Exercise data
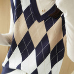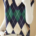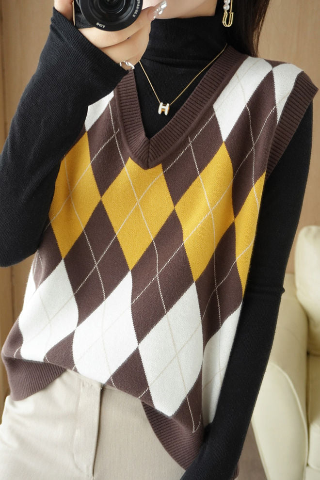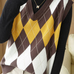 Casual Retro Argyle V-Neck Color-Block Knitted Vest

* * *

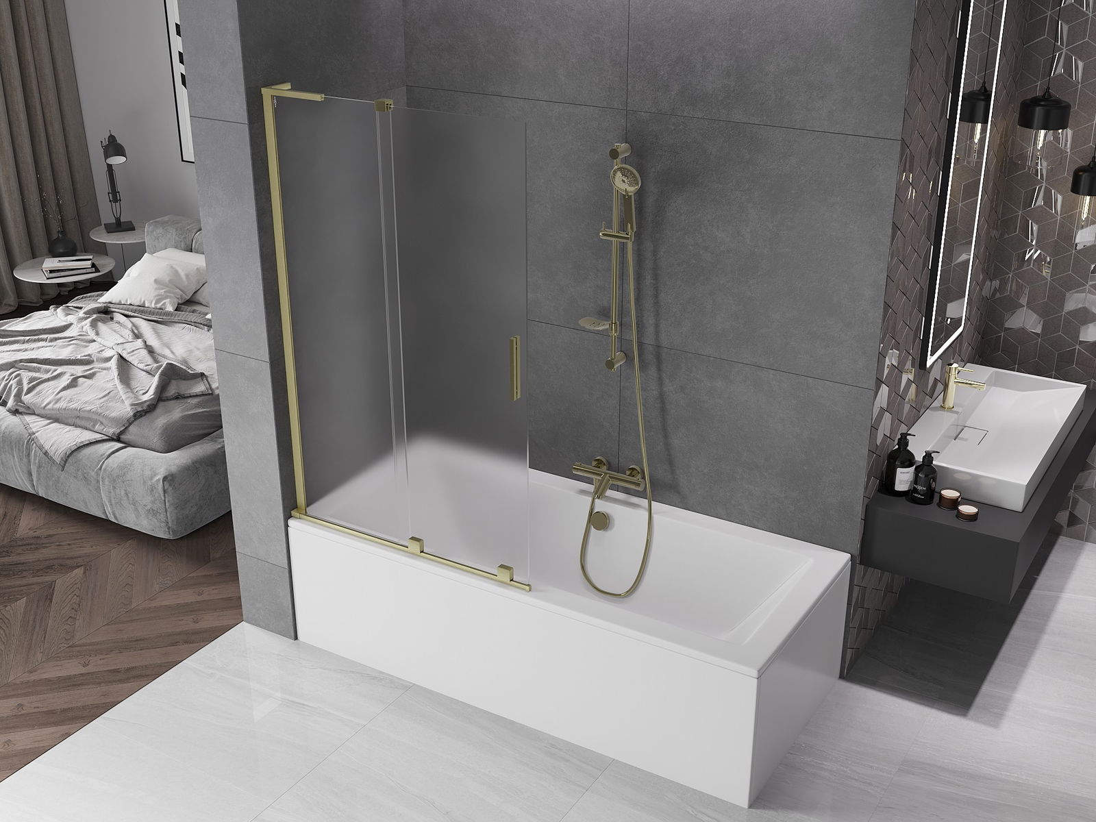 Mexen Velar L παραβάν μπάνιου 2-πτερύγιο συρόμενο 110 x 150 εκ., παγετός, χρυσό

* * *

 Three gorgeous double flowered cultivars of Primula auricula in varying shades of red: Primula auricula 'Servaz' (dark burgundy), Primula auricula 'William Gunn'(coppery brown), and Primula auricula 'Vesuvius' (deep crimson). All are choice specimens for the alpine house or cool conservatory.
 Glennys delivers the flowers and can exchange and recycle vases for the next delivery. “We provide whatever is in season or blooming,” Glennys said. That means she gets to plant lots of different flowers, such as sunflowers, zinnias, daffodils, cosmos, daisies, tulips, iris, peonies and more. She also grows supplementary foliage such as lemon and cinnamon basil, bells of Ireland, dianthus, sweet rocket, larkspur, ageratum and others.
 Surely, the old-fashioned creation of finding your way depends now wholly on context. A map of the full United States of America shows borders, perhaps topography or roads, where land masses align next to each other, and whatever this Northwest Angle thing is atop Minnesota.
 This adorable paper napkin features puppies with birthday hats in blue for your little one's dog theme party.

What this task involves
Taking the entries above, print exactly the lines starting at the line with "Three gorgeous double" and ending at the line with "Glennys delivers the", both included.

Expected answer
 Three gorgeous double flowered cultivars of Primula auricula in varying shades of red: Primula auricula 'Servaz' (dark burgundy), Primula auricula 'William Gunn'(coppery brown), and Primula auricula 'Vesuvius' (deep crimson). All are choice specimens for the alpine house or cool conservatory.
 Glennys delivers the flowers and can exchange and recycle vases for the next delivery. “We provide whatever is in season or blooming,” Glennys said. That means she gets to plant lots of different flowers, such as sunflowers, zinnias, daffodils, cosmos, daisies, tulips, iris, peonies and more. She also grows supplementary foliage such as lemon and cinnamon basil, bells of Ireland, dianthus, sweet rocket, larkspur, ageratum and others.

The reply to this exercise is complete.